Ron Franz

Personal information
- Born: October 20, 1945 Kansas City, Kansas, U.S.
- Died: October 3, 2022 (aged 76) Fort Walton Beach, Florida, U.S.
- Listed height: 6 ft 7 in (2.01 m)
- Listed weight: 205 lb (93 kg)

Career information
- High school: Bishop Ward (Kansas City, Kansas)
- College: Kansas (1964–1967)
- NBA draft: 1967: 4th round, 33rd overall pick
- Drafted by: Detroit Pistons
- Playing career: 1967–1975
- Position: Small forward
- Number: 11, 15

Career history
- 1967–1968: Oakland Oaks
- 1968–1970: New Orleans Buccaneers
- 1970–1972: Floridians
- 1972: Memphis Tams
- 1973: Dallas Chaparrals
- 1975: Swiss Alpines
- Stats at Basketball Reference

= Ron Franz =

American basketball player (1945–2022)

Ronald Stephen Franz (October 20, 1945 – October 3, 2022) was an American professional basketball player who was a small forward in the American Basketball Association (ABA).

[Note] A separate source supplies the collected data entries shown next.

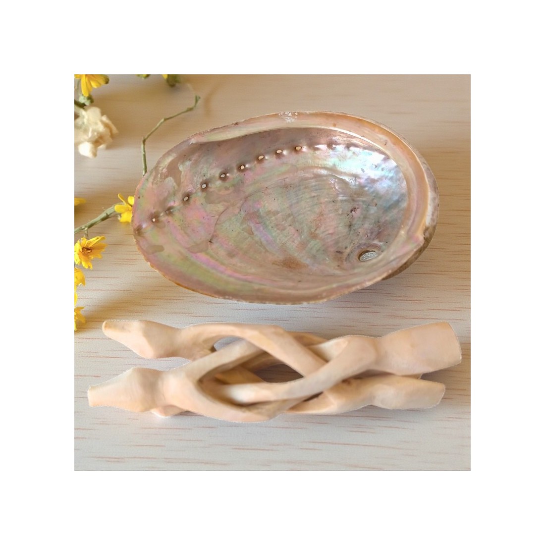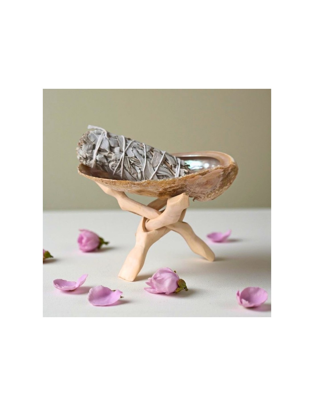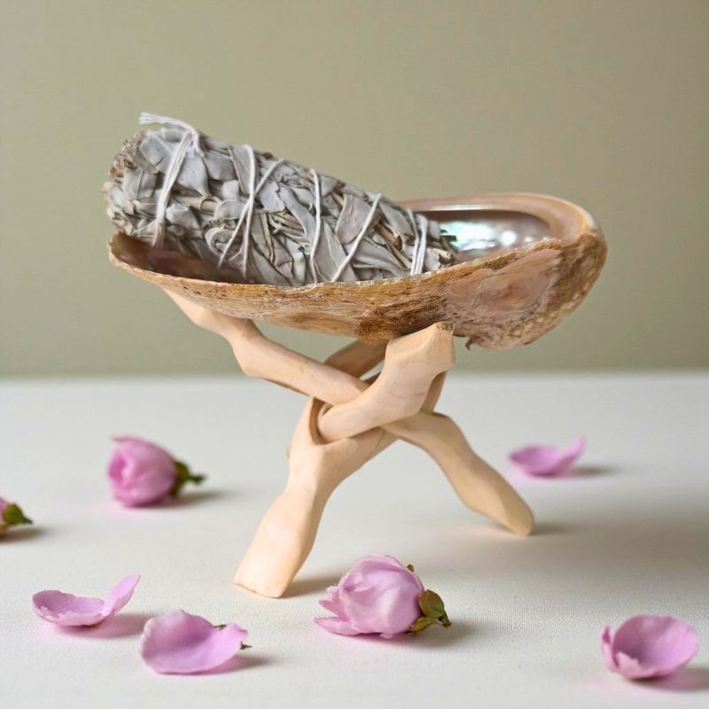 Coquille d’ormeau Haliotis posée sur un trépied en bois naturel, idéale pour déposer pierres ou bijoux lors d’un rituel de purification doux. Un support pratique et décoratif, apprécié pour sa lumière irisée et son aspect naturel, à offrir ou à s’offrir.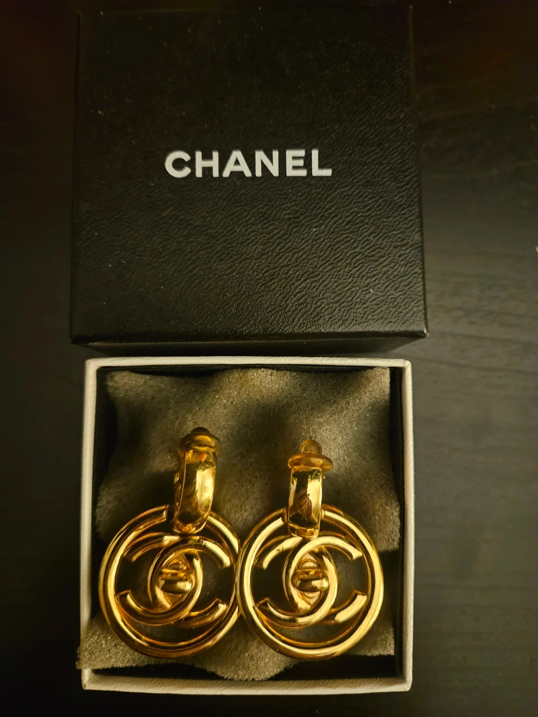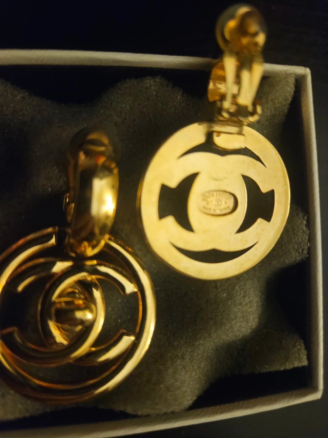 Classic CHANEL clip-on earrings in a gold-tone finish. Features the iconic interlocking CC logo design. Comes with original box.Chanel CC XL Turnlock Round Clip On Earrings Gold Plated 97P Pendant Authentic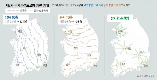 계획에 따르면 국가 도로망의 동맥에 해당하는 간선도로 체계가 지난 1992년 이후 약 30년 만에 재정비된다. 전국 어디에서나 간선도로에 더 편리하게 접근할 수 있도록 전체 국토 격자망을 기존 남북 방향 7개 축, 동서 방향 9개 축에서 남북 방향 10개 축, 동서 방향 10개 축으로 재편하는 것이 핵심이다. 대도시권의 교통 혼잡을 해소하기 위해서는 기존 순환형 도로망에 방사 축을 도입해 6개의 ‘방사형 순환망’을 만든다는 계획이다.

After playing college basketball for the Kansas Jayhawks, Franz played in the ABA for the Oakland Oaks, New Orleans Buccaneers, Floridians, Memphis Tams, and Dallas Chaparrals from 1968 to 1973. He also played in Switzerland.

==Career==
Franz attended Bishop Ward High School in Kansas City, Kansas. He enrolled at the University of Kansas and played college basketball for the Kansas Jayhawks from 1963 to 1967. He was a three-year starting small forward for the Jayhawks. During the 1966–67 season, he served as team captain under coach Ted Owens.

The Detroit Pistons of the National Basketball Association (NBA) selected Franz in the fourth round of the 1967 NBA draft. The Oakland Oaks of the rival upstart American Basketball Association (ABA) selected Franz in the 10th round of the ABA Draft. Franz chose to sign with Oakland. He played for the Oaks in the 1967–68 season. On June 18, 1968, the Oaks traded Franz, Steve Jones, and Barry Leibowitz to the New Orleans Buccaneers for Larry Brown and Doug Moe.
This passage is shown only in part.